Jesus’ Words Speak Clearly to Us Today

This is a truly comforting statement for those of us who are Christians. 2,000 years ago Jesus ascended into Heaven, and we can no longer see him, hear him, or question him. The eyewitnesses of Jesus’ resurrection have also perished long ago, and we can no longer interview them on the details of what they saw and experienced. Yet, in spite of this, and the world’s opposition, we still believe in his resurrection based upon the testimony of the Bible.

When Jesus ascended into Heaven, he did not leave us alone. In fact, Jesus said “it is to your advantage that I go away, for if I do not go away, the Helper will not come to you. But if I go, I will send him to you” (John 16:7).

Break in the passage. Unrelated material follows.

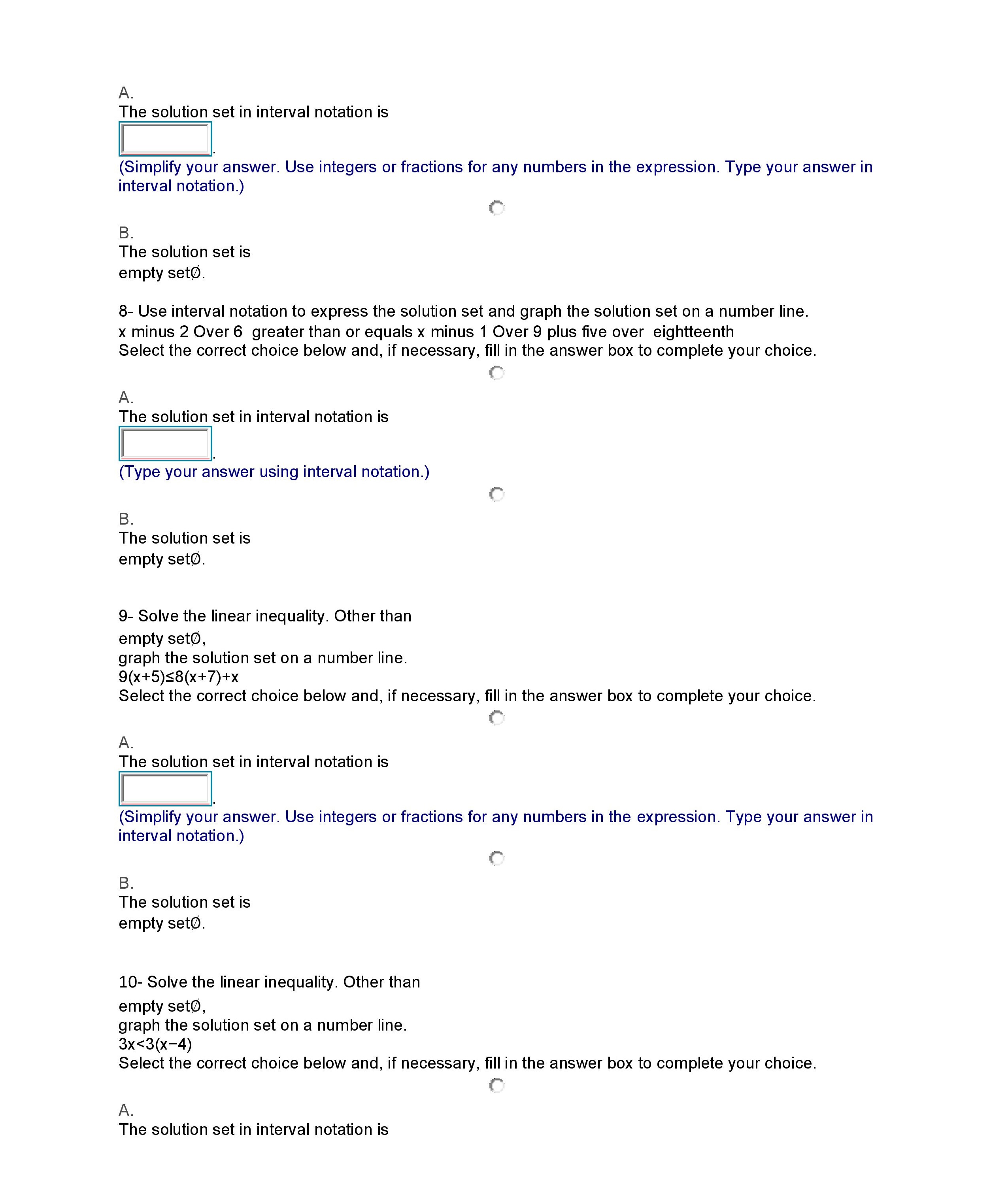 1. Solve the linear inequality. Other than empty set0, graph the ...

The reason why we believe in the Bible’s testimony concerning the resurrection of Jesus without seeing him, is because we have the Holy Spirit living within us, who bears witness to Jesus (John 15:26), and created faith in our hearts (1 Corinthians 12:3). He converted us through the gospel (1 Thessalonians 1:5), came upon us in holy baptism (Acts 2:38–39), and continues to nourish our faith through the Word and the Eucharist (Romans 10:17Matthew 26:26–28). He is a living witness to Jesus Christ’s resurrection for all generations.

You Do Not Need to See Jesus to Be a True Christian

Furthermore, Jesus’ words assure us that we do not have to have some subjective experience, dream, or vision of Jesus, in order to be true Christians. To the contrary, he assures us that we are true Christians because we trust in his Word, the Bible, because of the Holy Spirit who lives within us. What God has said remains true, no matter what we say, think, or feel. The author of Hebrews supports Jesus’ teaching by saying that faith “is the assurance of things hoped for, the conviction of things not seen” (Hebrews 11:1).

We do not have to see Jesus to know that he was raised from the dead, because we believe that his testimony, the testimony of his apostles, and all the other many witnesses who saw him, were absolutely truthful and reliable. God has graciously inspired the authors of Scripture to write the Bible so that we could be certain of the most important things he chose to make known to us. Our experiences outside of the Bible can be helpful, but they do not determine truth.


No doubt echoing Jesus’ words here, Peter wrote in his letter to the elect exiles in the dispersion: “Though you have not seen him, you love him. Though you do not now see him, you believe in him and rejoice with joy that is inexpressible and filled with glory” (1 Peter 1:8). We have not seen Jesus, but we love him because we know that he fully paid the penalty of our sins by dying on the cross (Colossians 2:13–14), and has saved us from eternal condemnation, even though we did not deserve it (John 3:16–18Romans 5:6–8).

We do not see him now, but we rejoice with inexpressible joy because we know that just as Jesus was raised from the dead by the glory of the Father, we who have been baptised into Christ’s death will also be raised in the same way to newness of life, to be with him in eternal paradise (Romans 6:3–5). Although we long to see Jesus face to face, we can rejoice in the meantime, knowing that according to the Saviour, we who believe in his resurrection from the dead are blessed. If we keep the faith to the very end, we will meet the Lord Jesus on the last day and be with him forever (1 Thessalonians 4:16–17). Thanks be to God. Amen.